Asia can cooperate to prevent the spread of SARS and organise relief measures in Tsunami. However, governments, business and civil society cannot cooperate to address the problems of climate change, chronic poverty, and conflict. Asia is not alone. Polarisation is more serious in Africa and Latin America and it is making its way in Europe and North America.

However, the world is changing. The forces of polarisation should see writing on the wall from a large number of initiatives that are mushrooming at all levels. In the global space, the United Nations Global Compact has mobilised almost 4000 companies on a voluntary basis to agree to a code of conduct on a number of issues ranging from caring for climate to responsible investments. Other coalitions have come up to fight AIDS, TB and malaria or to make poverty history.

On a recent 16-hour flight from New York to Mumbai, I read a book by partners of Booz Allen Hamilton, a management consulting firm, proposing that we need to form mega-communities to bring about positive change in the world. It is not enough to collaborate only in times of crisis. In fact, it is essential for business, government and civil society to work together to address long-term challenges facing local communities, nations and humanity as a whole.

In my last column in this series, I had shared the Strategic Foresight Group research in progress, which clearly proves links between business, peace and sustainability. A survey of more than 120 countries shows that the countries that are peaceful and follow sustainable practices are the most competitive and the easiest to do business with. Thus, business has a direct stake in peaceful and sustainable societies – an objective which cannot be pursued by business alone without active partnership with the state and other constituents of the society. Similarly, the society at large has a stake in the success of business in order to produce technological progress and economic growth.

The question is how to create operational linkages between business, government and civil society. The Booz Allen folks introduce the concept of mega-communities to make such a triangular relationship operational. At the community level, it can simply involve an electric power company forging partnership with local government and civil society groups from the planning stage to set up a new plant or local business, management students and politicians forming a coalition to revitalise a dead district. At the global level, it can involve educational institutions, technology pioneers, business groups, investment companies, governments and political leaders coming together across nations and sectors to launch inter-linked practical initiatives and policy discourse. This is forming a global mega-community, which must link to several existing communities to make it really global.

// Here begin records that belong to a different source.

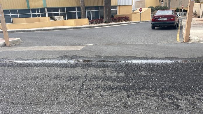 abastece a los abonados de la Avenida Jahn Reisen de la Urbanización de Cañada del Rio, en la Aglomeración Urbana de Costa Calma, dicha rotura ha aflorado en la acera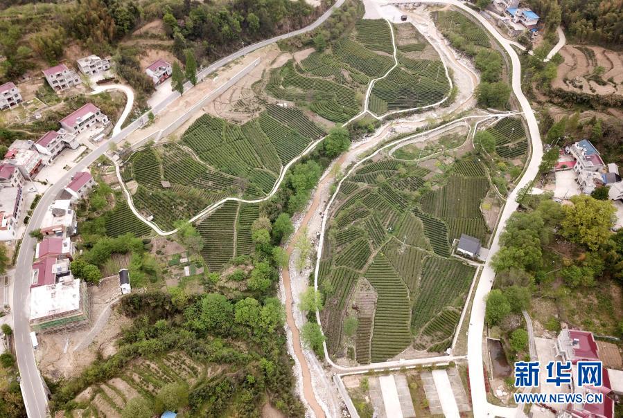 这是2020年4月17日拍摄的金寨县花石乡大湾村的茶产业扶贫基地(无人机照片)。新华社记者刘军喜摄
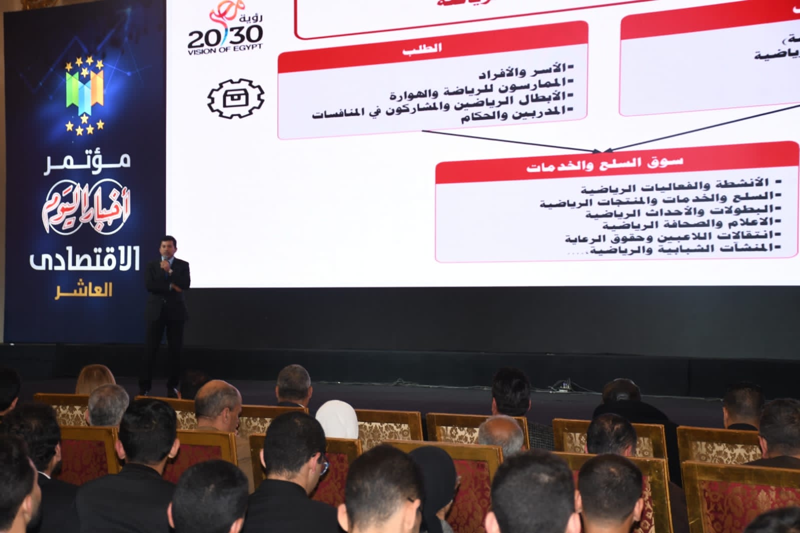 استعرض الدكتور أشرف صبحي وزير الشباب والرياضة، اليوم، خلال جلسة نقاشية بعنوان " الرياضة المصرية والإقتصاد الوطني بين الواقع والمأمول" بفعاليات مؤتمر أخبار اليوم الإقتصادي العاشر تحت عنوان "الإقتصاد المصري تحديات وأولويات"، تحت رعاية السيد رئيس مجلس الوزراء، وحضور عدد من السادة الوزراء، المستثمرين ومجتمع الأعمال والخبراء والأكاديميين، وحضور الكاتب الصحفي أحمد جلال رئيس مجلس إدارة مؤسسة أخبار اليوم، ولفيف من قيادات الوزارة، وشباب الجامعات المصرية، وشباب وحدة الشمول الرقمي.

In such a global mega-community there is no hierarchy and there is no single leader. It is a loosely structured but largely spontaneous effort to make peace and sustainability a living system. If the 21st century is to be governed on the basis of collaborative problem-solving, mega-communities are our need of the hour. That is why it will be interesting to watch the outcome of the international conference on business, peace and sustainability. It will be organised by the Strategic Foresight Group and co-hosted by the United Nations Global Compact in association with the University of Mumbai and a number of knowledge partners.

Such efforts, those at Mumbai conference and elsewhere attempt to provide the biggest answer of our time. At a time when the industrial economy has to evolve to a new stage due to the crisis of fossil fuel and when humanity itself may be entering the next phase of evolution, as discussed by my colleague Ilmas Futehally in her column this month, the question is whether we move to the next stage of human civilization with a conflict mindset or a collaborative mental framework. If we choose the former, climate change and human-made demons may bring a real end to history. If we choose the latter, we have to think in terms of global mega-communities.